# Bode on utube



## marlon (Aug 7, 2008)

Hello Doc,
i was studying the sets Bode was doing on you tube and it reminded me of neuro conditioning.  That is to say creating a conditioned response on a neurologic level that is seemingly not linked with the trigger action.  I was wondering if this section of sl 4 could be considered neuro conditioning.  i know you have presented the material and argued well that these are ways of engaging the body's natural responses to certain alignments and indexes, however, could part of it be conditioned response?  Also, does the foot come down flat or ball of the foot to heel?

Thank you for your time

Respectfully,
Marlon


----------



## Doc (Aug 9, 2008)

marlon said:


> Hello Doc,
> i was studying the sets Bode was doing on you tube and it reminded me of neuro conditioning.  That is to say creating a conditioned response on a neurologic level that is seemingly not linked with the trigger action.  I was wondering if this section of sl 4 could be considered neuro conditioning.  i know you have presented the material and argued well that these are ways of engaging the body's natural responses to certain alignments and indexes, however, could part of it be conditioned response?  Also, does the foot come down flat or ball of the foot to heel?
> 
> Thank you for your time
> ...



That is exactly what it is.
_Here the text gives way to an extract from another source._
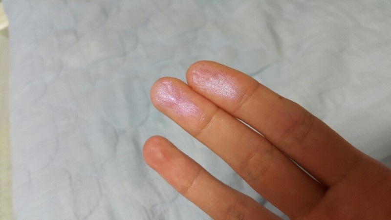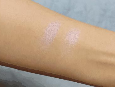 팔뚝 발색으로는 '라일락'은 '소프트 프로스트'의 연한 버전으로 보일 정도로 비슷합니다. 하지만 엄연히 '소프트 프로스트'는 하이라이터고 '라일락'은 섀도라서 분명 차이점이 드러날 수밖에 없습니다.

The programming of appropriate responses under stress is not new, however it is important that they be mapped properly as a part of autonomic responses associated with PNF to engage appropriate neuromuscular responses capable of extension to "learned behavior."
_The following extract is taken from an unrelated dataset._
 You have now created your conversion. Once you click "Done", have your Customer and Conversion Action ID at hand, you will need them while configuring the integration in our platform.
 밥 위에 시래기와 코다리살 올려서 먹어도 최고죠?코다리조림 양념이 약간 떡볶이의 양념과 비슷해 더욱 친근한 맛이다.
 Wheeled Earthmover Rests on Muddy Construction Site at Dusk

"The ball of the foot is utilized in human anatomy for "mobility." The heel of the foot is used for "stability." - Ron Chapél


----------



## marlon (Aug 9, 2008)

Doc said:


> That is exactly what it is. The programming of appropriate responses under stress is not new, however it is important that they be mapped properly as a part of autonomic responses associated with PNF to engage appropriate neuromuscular responses capable of extension to "learned behavior."
> 
> "The ball of the foot is utilized in human anatomy for "mobility." The heel of the foot is used for "stability." - Ron Chapél


 

thank you for your clear and concise answers.  i appreciate the time you take to make accurate respeonses.

marlon


----------



## Doc (Aug 9, 2008)

marlon said:


> thank you for your clear and concise answers.  i appreciate the time you take to make accurate respeonses.
> 
> marlon



The simple answers are easy sir. It's difficult to find the time to write those complicated in-depth "you need to be there" answers. It's just to hard.


----------



## marlon (Aug 10, 2008)

Doc said:


> The simple answers are easy sir. It's difficult to find the time to write those complicated in-depth "you need to be there" answers. It's just to hard.


 
I know what you mean. However, your simple answer is simple to you because of the depth and breadth of yur knowledge.  I learn from you and appreciate it.  Thank you


marlon


----------



## marlon (Aug 10, 2008)

BTW  Thanks Bode for taking the time to do the vid's.

Respectfully,
Marlon


----------



## Doc (Aug 11, 2008)

Taken from the SL-4 Kenpo FAQ

*Does SL-4 Kenpo utilize neuromuscular conditioning?*​
Yes. The programming of appropriate responses under stress is not new, however it is important that they be mapped properly as a part of autonomic responses associated with PNF to engage appropriate neuromuscular responses capable of extension to "learned behavior."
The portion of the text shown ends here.